## [THE PROBLEM]
Beginning with the first line, retype exactly the records below up to and including the line with "This is a reversible"; pictures do not belong in the copy.

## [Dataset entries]

⁂

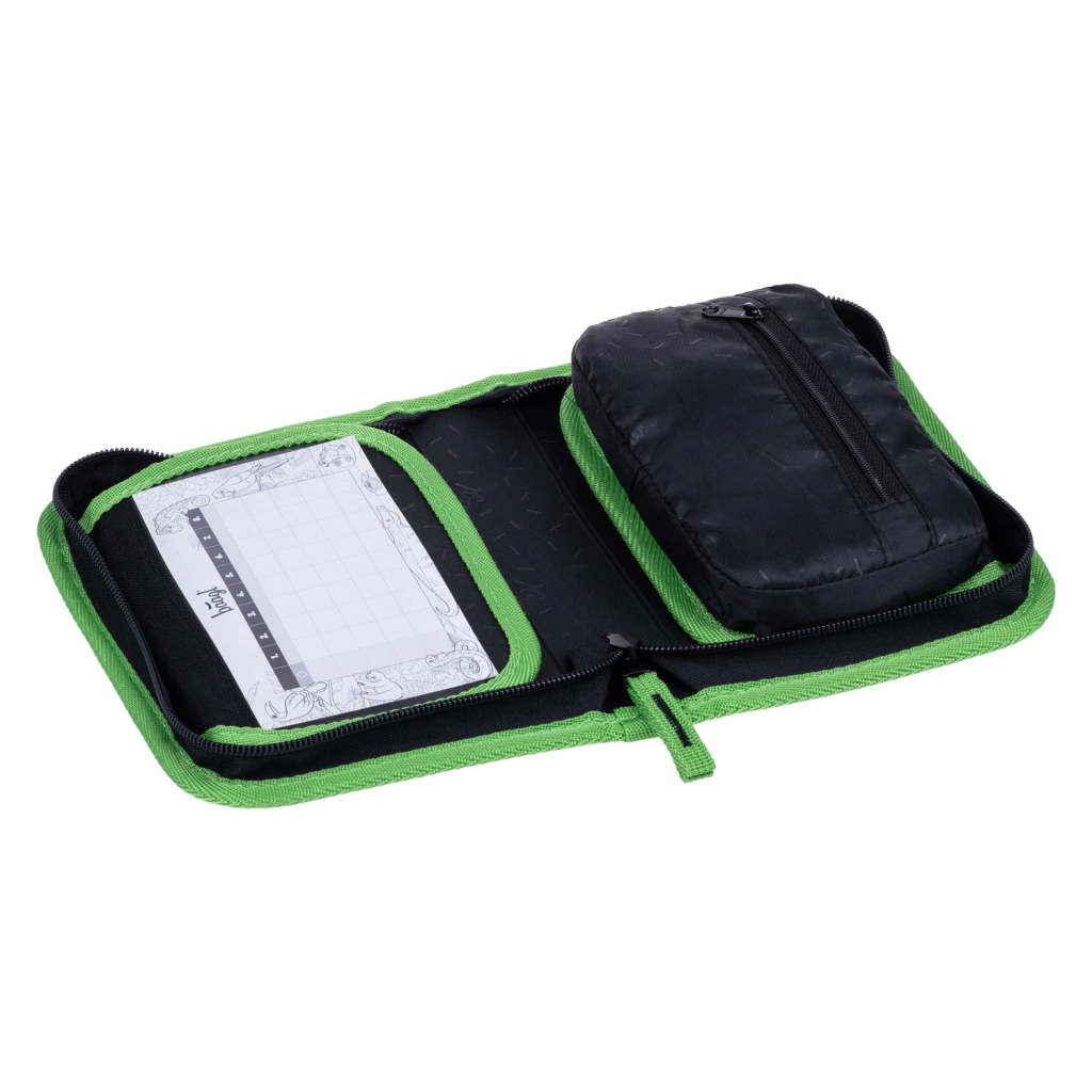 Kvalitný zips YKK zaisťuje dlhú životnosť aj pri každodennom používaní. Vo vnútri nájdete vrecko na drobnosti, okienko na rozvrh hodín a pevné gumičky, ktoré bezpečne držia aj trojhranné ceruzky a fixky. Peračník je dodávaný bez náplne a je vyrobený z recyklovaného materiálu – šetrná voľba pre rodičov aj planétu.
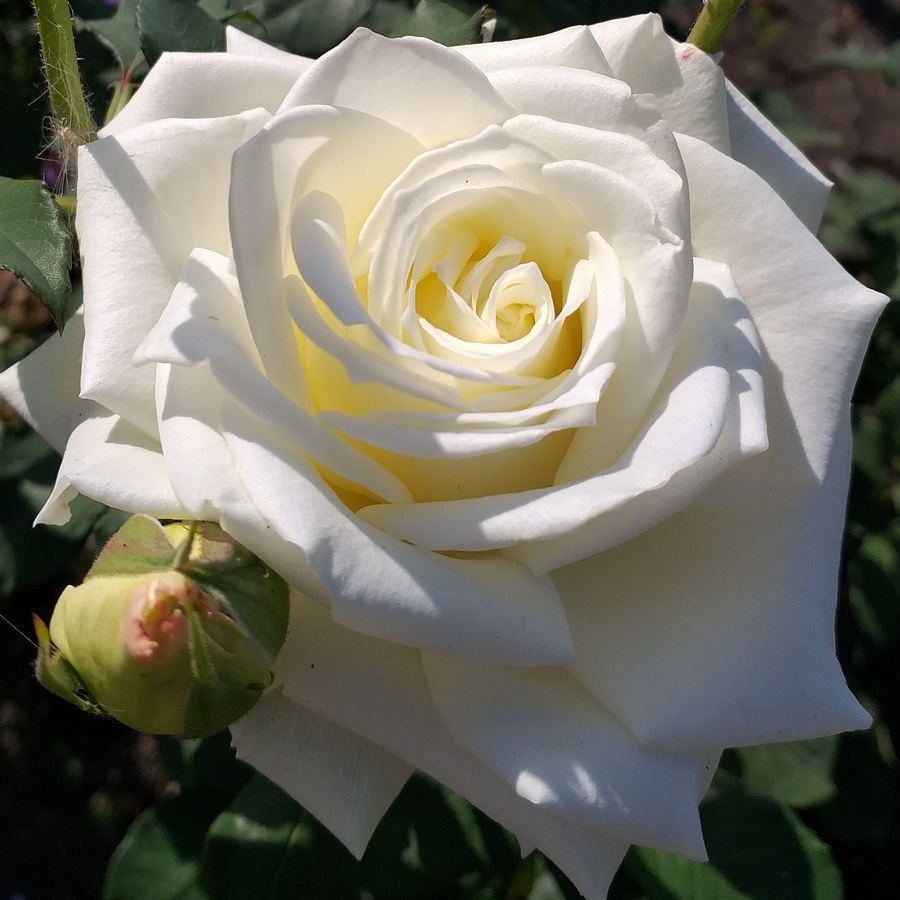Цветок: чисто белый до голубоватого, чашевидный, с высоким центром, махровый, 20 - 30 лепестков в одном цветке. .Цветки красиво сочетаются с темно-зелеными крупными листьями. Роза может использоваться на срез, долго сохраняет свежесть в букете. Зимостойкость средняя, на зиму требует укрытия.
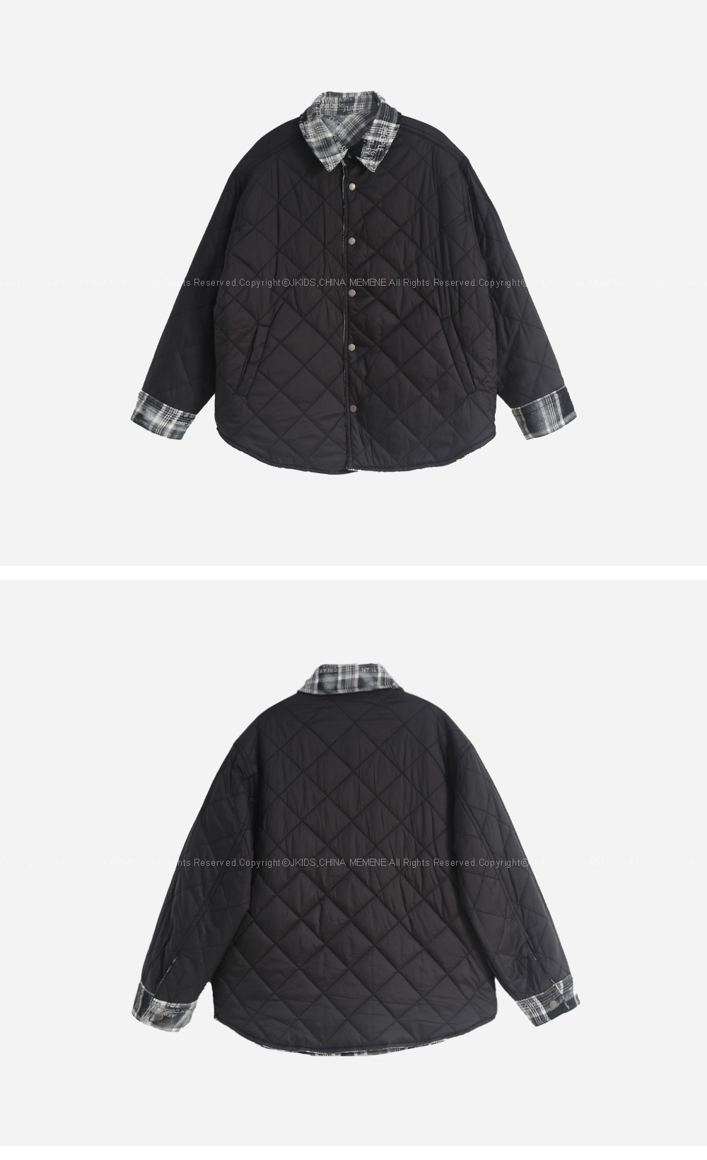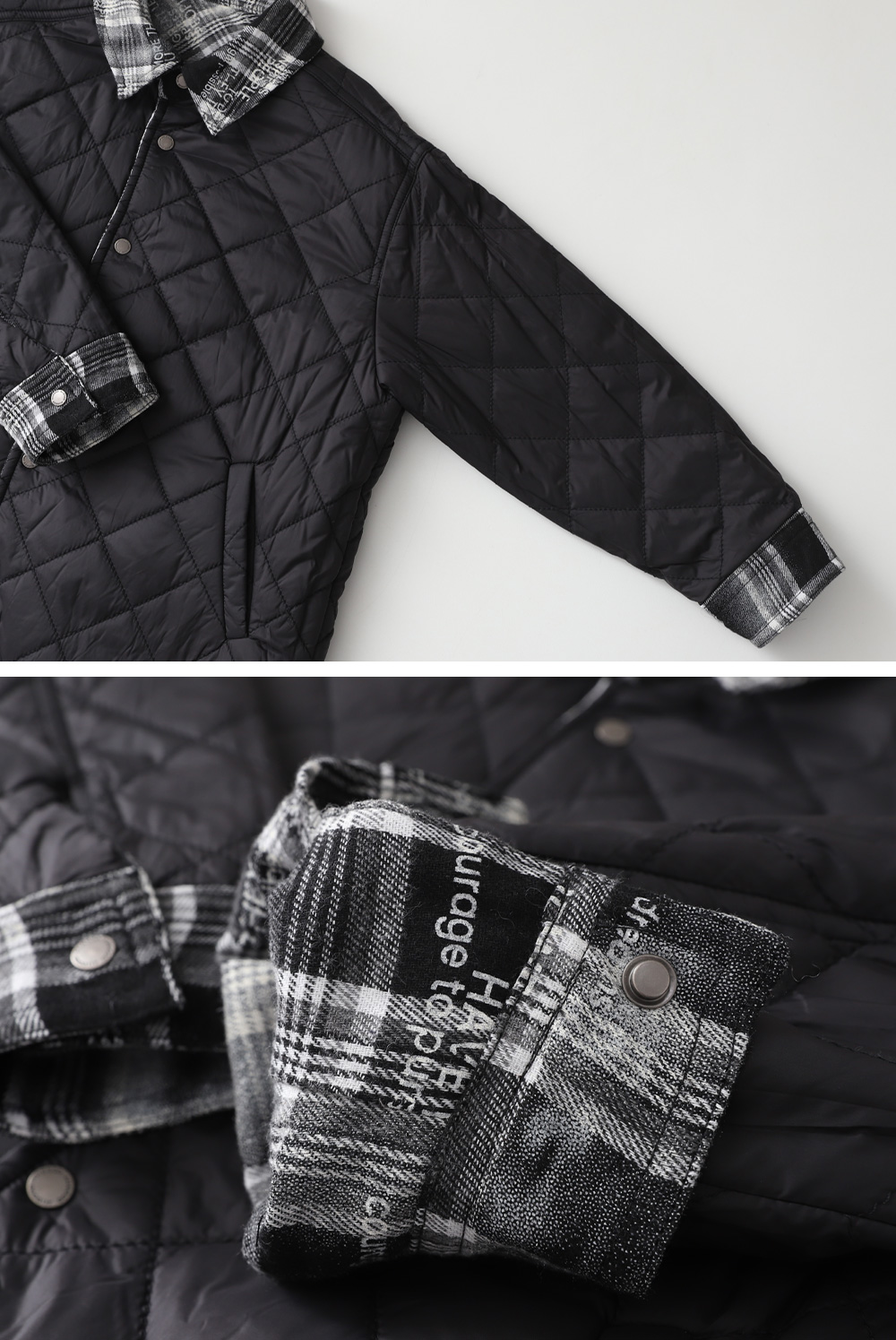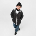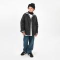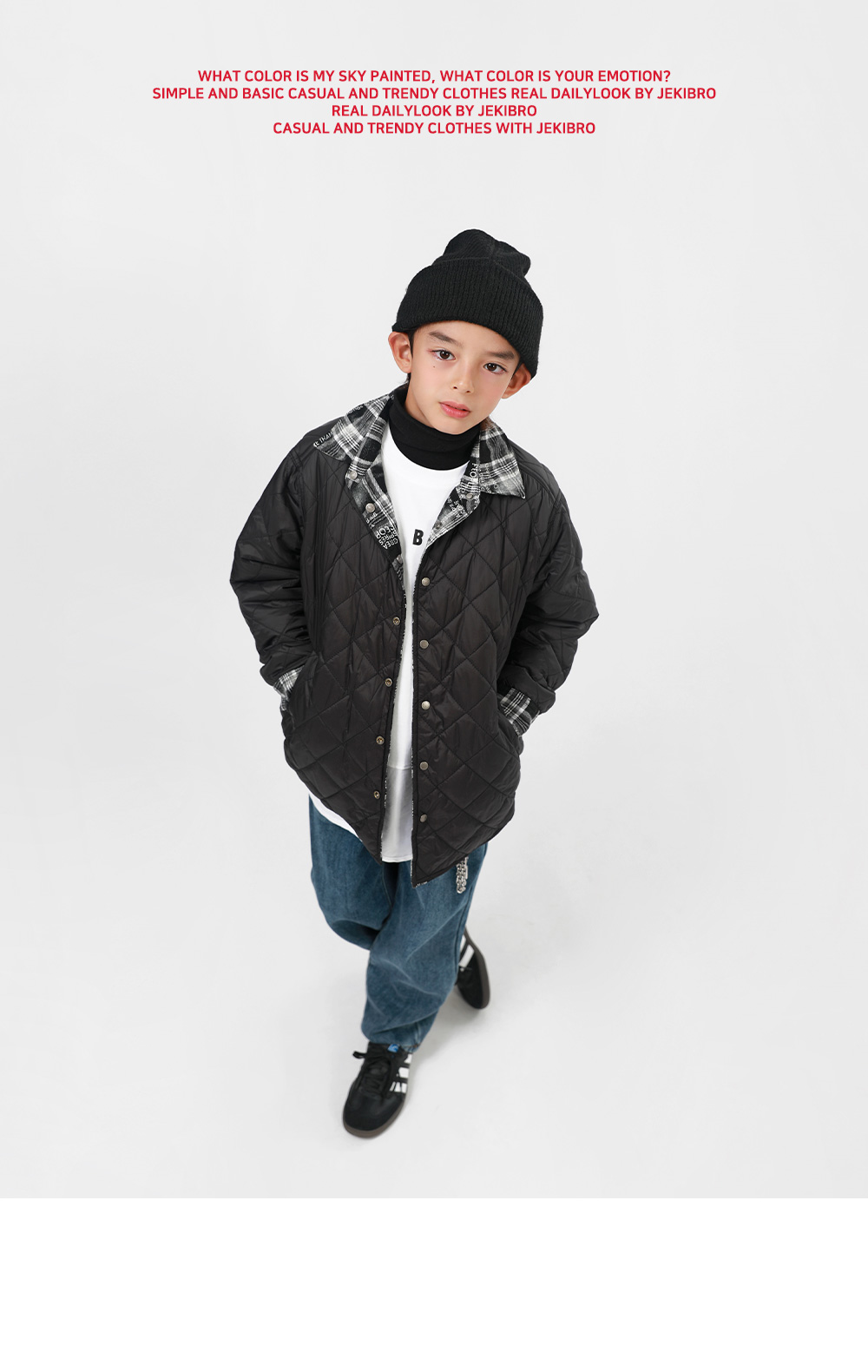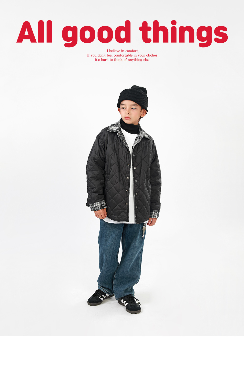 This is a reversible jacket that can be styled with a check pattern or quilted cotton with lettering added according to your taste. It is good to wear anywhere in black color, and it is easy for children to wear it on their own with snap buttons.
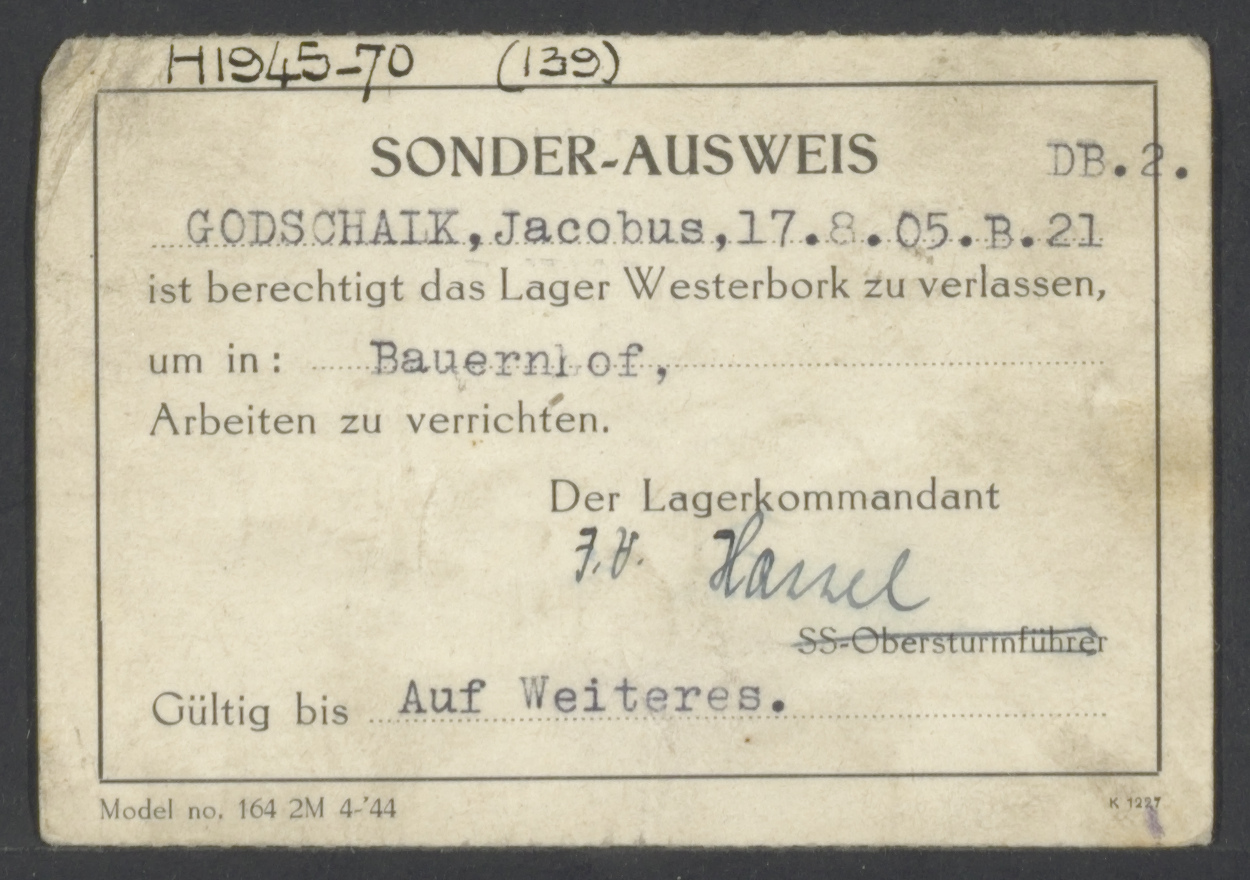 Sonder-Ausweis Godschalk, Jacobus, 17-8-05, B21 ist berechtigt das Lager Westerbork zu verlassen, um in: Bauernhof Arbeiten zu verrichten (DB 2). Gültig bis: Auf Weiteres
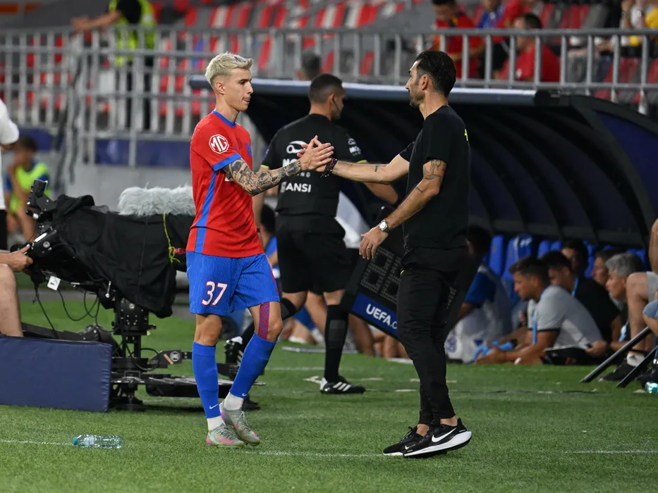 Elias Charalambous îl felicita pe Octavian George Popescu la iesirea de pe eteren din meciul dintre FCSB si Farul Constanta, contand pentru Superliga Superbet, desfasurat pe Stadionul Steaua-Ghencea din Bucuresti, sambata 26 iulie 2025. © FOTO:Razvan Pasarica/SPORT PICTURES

⁂

## [RESPONSE TO THE TASK]
 Kvalitný zips YKK zaisťuje dlhú životnosť aj pri každodennom používaní. Vo vnútri nájdete vrecko na drobnosti, okienko na rozvrh hodín a pevné gumičky, ktoré bezpečne držia aj trojhranné ceruzky a fixky. Peračník je dodávaný bez náplne a je vyrobený z recyklovaného materiálu – šetrná voľba pre rodičov aj planétu.
Цветок: чисто белый до голубоватого, чашевидный, с высоким центром, махровый, 20 - 30 лепестков в одном цветке. .Цветки красиво сочетаются с темно-зелеными крупными листьями. Роза может использоваться на срез, долго сохраняет свежесть в букете. Зимостойкость средняя, на зиму требует укрытия.
 This is a reversible jacket that can be styled with a check pattern or quilted cotton with lettering added according to your taste. It is good to wear anywhere in black color, and it is easy for children to wear it on their own with snap buttons.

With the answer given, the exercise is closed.